● ASSIGNED TASK
Would you write out the full listing exactly, without any pictures?
══ SUPPLIED INFORMATION ══
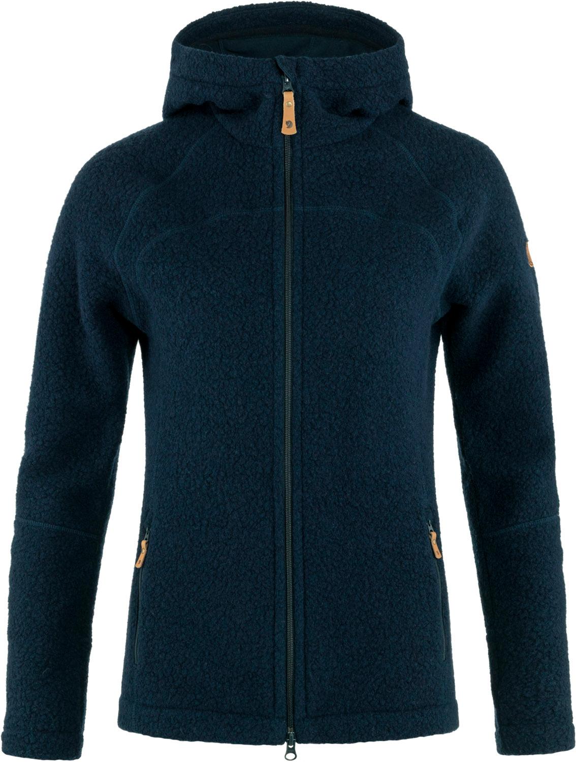 FJÄLLRÄVEN KAITUM. Kapuzen-Fleecejacke aus funktionellem Mischgewebe; Kapuze mit weicher Fleece-Innenseite; 2-Wege-Frontreißverschluss mit Untertritt, 2 RV-Taschen außen und 2 Innentaschen; 65% Wolle, 25% Polyamid, 10% Polyester.
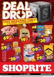 www.shoprite.co.za www.shoprite.mobi follow us on THIS WEEKEND ONLY! 31 OCTOBER - 2 NOVEMBER 2025 OFFERS VALID FROM FRIDAY 31 OCTOBER 2025 TO SUNDAY 2 NOVEMBER 2025. PRICES APPLY TO ALL SHOPRITE STORES BARKLEY ROAD, BATHLAROS, BETHLEHEM, CBD BLOEMFONTEIN, BLOEMFONTEIN, BLOEMHOF, BOITUMELO, BOTHAVILLE, BOTSHABELO, BOTSHABELO MALL, COLESBERG, DE AAR, DELAREYVILLE, FICKSBURG, FLEURDAL, GANYESA, HARTSWATER, HARRISMITH, HEIDEDAL, HEILBRON, IKAGENG, JAN KEMPDORP, KANANA, KATHU, KIMBERLEY, KIMBERLEY CENTRE, KLERKSDORP, KROONSTAD, KURUMAN, LADYBRAND, LEHRUTSE, LEMO MALL, LICHTENBURG, MMABATHO, MAFIKENG, MAITLAND, MANGAUNG, MANDELA PARK, MAOKENG, MIDDESTAD, MOMPATI MALL, MORENA MALL, NAVALSIG, ORKNEY, PAMPIERSTAD, PARYS, POTCHEFSTROOM, POSTMASBURG, POWER ROAD, SASOLBURG, SCHWEIZER-RENEKE, SENEKAL, SETSING, STILFONTEIN, TAUNG, THABA’NCHU, THABONG, UPINGTON, VENTERSDORP, VIRGINIA, VREDE, VRYBURG, WELKOM, WESSELSBRON, WOLMARANSSTAD & ZEERUST. ALL ADVERTISED PRODUCTS IN THIS LEAFLET MAY NOT BE STOCKED AT SHOPRITE VREDE, THABA’NCHU, THABONG AND MINI COLESBERG. WE RESERVE THE RIGHT TO LIMIT QUANTITIES. NO TRADERS. WHILE STOCKS LAST. VAT INCLUDED. ERRORS AND OMISSIONS EXCEPTED. CUSTOMER CARE LINE 0800 01 07 09 (TOLL-FREE). NCFOSLDQWX/E SAVE R20 7999 CHARKA BRIQUETTES 4kg SAVE R27 5999 RENOWN FRENCH POLONY 2kg u 9999 SELATI PURE WHITE SUGAR 5kg SAVE R11 BOTH FOR R30COCA-COLA ORIGINAL TASTE LESS SUGAR SOFT DRINK 2l + TRUDA SPOOKIES OR FLYERS SNACK all variants 100g each OR 4kg 5kg 1999 BANANAS 700g bag 6999 PORK BRAAI CHOPS LOOSE SERVE per kg 2l 2 FOR R20HOMEGROWN BAKED BEANS IN TOMATO SAUCE 410g
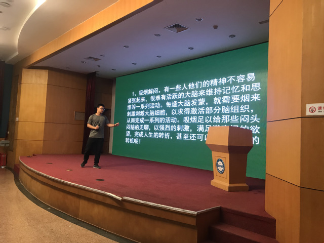 活动开始,通过反面实例介绍吸烟的七大“好处”。播放了香烟如何侵蚀人体的动画和戒烟后身体如何受益地动画短片,让同学们更加深刻地认识到吸烟的危害和戒烟的好处。随后,根据世界卫生组织划分的戒烟的十二个过程以及中国临床戒烟指南等内容,向大家介绍了如何科学正确地戒烟,避免进入戒烟的误区,以免香烟屡戒不断。
═══
● TASK RESPONSE
 FJÄLLRÄVEN KAITUM. Kapuzen-Fleecejacke aus funktionellem Mischgewebe; Kapuze mit weicher Fleece-Innenseite; 2-Wege-Frontreißverschluss mit Untertritt, 2 RV-Taschen außen und 2 Innentaschen; 65% Wolle, 25% Polyamid, 10% Polyester.
 www.shoprite.co.za www.shoprite.mobi follow us on THIS WEEKEND ONLY! 31 OCTOBER - 2 NOVEMBER 2025 OFFERS VALID FROM FRIDAY 31 OCTOBER 2025 TO SUNDAY 2 NOVEMBER 2025. PRICES APPLY TO ALL SHOPRITE STORES BARKLEY ROAD, BATHLAROS, BETHLEHEM, CBD BLOEMFONTEIN, BLOEMFONTEIN, BLOEMHOF, BOITUMELO, BOTHAVILLE, BOTSHABELO, BOTSHABELO MALL, COLESBERG, DE AAR, DELAREYVILLE, FICKSBURG, FLEURDAL, GANYESA, HARTSWATER, HARRISMITH, HEIDEDAL, HEILBRON, IKAGENG, JAN KEMPDORP, KANANA, KATHU, KIMBERLEY, KIMBERLEY CENTRE, KLERKSDORP, KROONSTAD, KURUMAN, LADYBRAND, LEHRUTSE, LEMO MALL, LICHTENBURG, MMABATHO, MAFIKENG, MAITLAND, MANGAUNG, MANDELA PARK, MAOKENG, MIDDESTAD, MOMPATI MALL, MORENA MALL, NAVALSIG, ORKNEY, PAMPIERSTAD, PARYS, POTCHEFSTROOM, POSTMASBURG, POWER ROAD, SASOLBURG, SCHWEIZER-RENEKE, SENEKAL, SETSING, STILFONTEIN, TAUNG, THABA’NCHU, THABONG, UPINGTON, VENTERSDORP, VIRGINIA, VREDE, VRYBURG, WELKOM, WESSELSBRON, WOLMARANSSTAD & ZEERUST. ALL ADVERTISED PRODUCTS IN THIS LEAFLET MAY NOT BE STOCKED AT SHOPRITE VREDE, THABA’NCHU, THABONG AND MINI COLESBERG. WE RESERVE THE RIGHT TO LIMIT QUANTITIES. NO TRADERS. WHILE STOCKS LAST. VAT INCLUDED. ERRORS AND OMISSIONS EXCEPTED. CUSTOMER CARE LINE 0800 01 07 09 (TOLL-FREE). NCFOSLDQWX/E SAVE R20 7999 CHARKA BRIQUETTES 4kg SAVE R27 5999 RENOWN FRENCH POLONY 2kg u 9999 SELATI PURE WHITE SUGAR 5kg SAVE R11 BOTH FOR R30COCA-COLA ORIGINAL TASTE LESS SUGAR SOFT DRINK 2l + TRUDA SPOOKIES OR FLYERS SNACK all variants 100g each OR 4kg 5kg 1999 BANANAS 700g bag 6999 PORK BRAAI CHOPS LOOSE SERVE per kg 2l 2 FOR R20HOMEGROWN BAKED BEANS IN TOMATO SAUCE 410g
 活动开始,通过反面实例介绍吸烟的七大“好处”。播放了香烟如何侵蚀人体的动画和戒烟后身体如何受益地动画短片,让同学们更加深刻地认识到吸烟的危害和戒烟的好处。随后,根据世界卫生组织划分的戒烟的十二个过程以及中国临床戒烟指南等内容,向大家介绍了如何科学正确地戒烟,避免进入戒烟的误区,以免香烟屡戒不断。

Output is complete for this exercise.